## THE TASK
Give back every record word for word, but keep the pictures out.

BEGIN PROVIDED MATERIAL

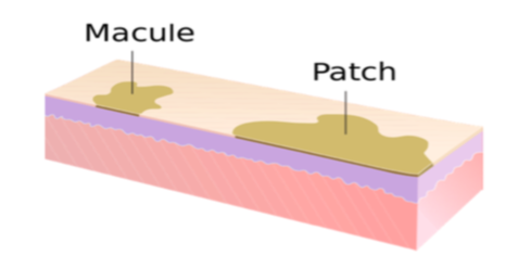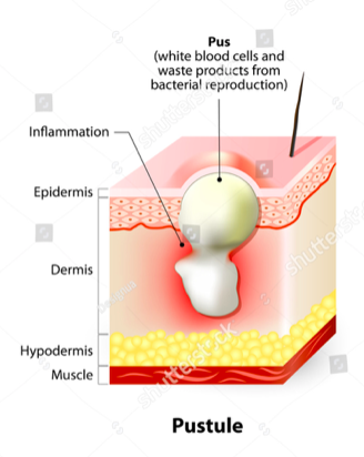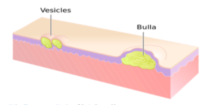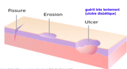QSJ : Contour défini, mais souvent irrégulier, perte focale de l’épiderme et du derme. Croûte exsudat séché.
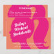 Este divertido convite para solteiros, feito em fofoca e laranja, é acentuado com uma silhueta rosa brilhante de uma garota com rabo de pônei, fazer perfeito para um Partido de Barbiecore! Há muito espaço nas costas para detalhes e informações sobre o fim de semana fora. Se forem necessários elementos de coordenação adicionais, contacte-nos com o seu pedido em prettyfancyinvites@gmail.com.
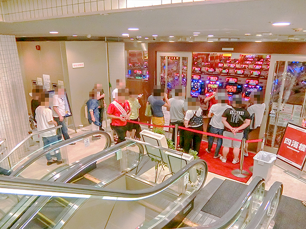 開店前から80名以上のプレイヤーが集合。会話を楽しみながら開店を待つ、実に和やかなシーンを目にしている。
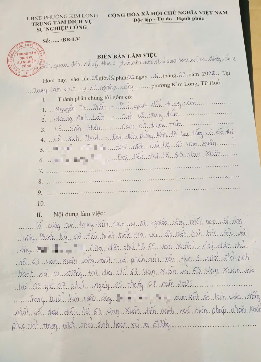 Vì vậy ngày 12/9/2025, Tổ kiểm tra đã phối hợp với Phòng Kinh tế, Hạ tầng và Đô thị phường tiến hành lập biên bản làm việc lần thứ hai với đại diện của cả hai hộ. Tại buổi làm việc, các hộ đã thống nhất cam kết sẽ liên hệ với Trung tâm Khai thác hạ tầng để xin phép xẻ đường, đấu nối ống thoát nước, nhằm xử lý triệt để tình trạng nước thải chảy ra đường. Nguyên nhân được xác định là do hệ thống hầm rút của gia đình không hoạt động, khiến nước thải sinh hoạt tràn ra ngoài. Tổ kiểm tra đã lập biên bản làm việc yêu cầu chủ hộ 63 và 65 Vạn Xuân khắc phục tình trạng trên và các hộ hứa sẽ khắc phục, nếu tái phạm sẽ chịu trách nhiệm trước pháp luật (có biên bản kèm theo).
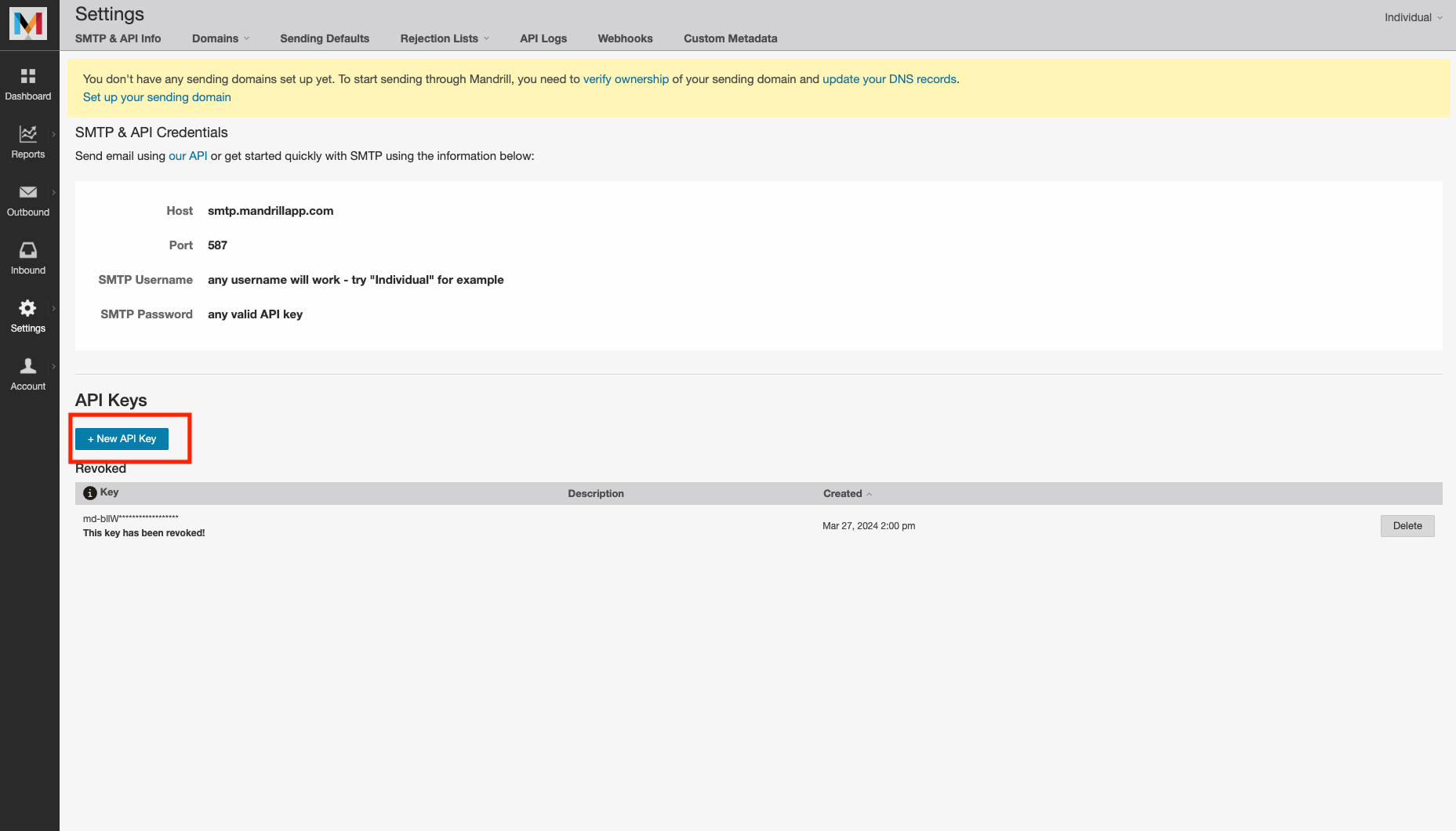 1. Mandrill 대시보드에서 왼쪽 Settings 메뉴를 클릭합니다.&#x20;

END PROVIDED MATERIAL

## REPLY
QSJ : Contour défini, mais souvent irrégulier, perte focale de l’épiderme et du derme. Croûte exsudat séché.
 Este divertido convite para solteiros, feito em fofoca e laranja, é acentuado com uma silhueta rosa brilhante de uma garota com rabo de pônei, fazer perfeito para um Partido de Barbiecore! Há muito espaço nas costas para detalhes e informações sobre o fim de semana fora. Se forem necessários elementos de coordenação adicionais, contacte-nos com o seu pedido em prettyfancyinvites@gmail.com.
 開店前から80名以上のプレイヤーが集合。会話を楽しみながら開店を待つ、実に和やかなシーンを目にしている。
 Vì vậy ngày 12/9/2025, Tổ kiểm tra đã phối hợp với Phòng Kinh tế, Hạ tầng và Đô thị phường tiến hành lập biên bản làm việc lần thứ hai với đại diện của cả hai hộ. Tại buổi làm việc, các hộ đã thống nhất cam kết sẽ liên hệ với Trung tâm Khai thác hạ tầng để xin phép xẻ đường, đấu nối ống thoát nước, nhằm xử lý triệt để tình trạng nước thải chảy ra đường. Nguyên nhân được xác định là do hệ thống hầm rút của gia đình không hoạt động, khiến nước thải sinh hoạt tràn ra ngoài. Tổ kiểm tra đã lập biên bản làm việc yêu cầu chủ hộ 63 và 65 Vạn Xuân khắc phục tình trạng trên và các hộ hứa sẽ khắc phục, nếu tái phạm sẽ chịu trách nhiệm trước pháp luật (có biên bản kèm theo).
 1. Mandrill 대시보드에서 왼쪽 Settings 메뉴를 클릭합니다.&#x20;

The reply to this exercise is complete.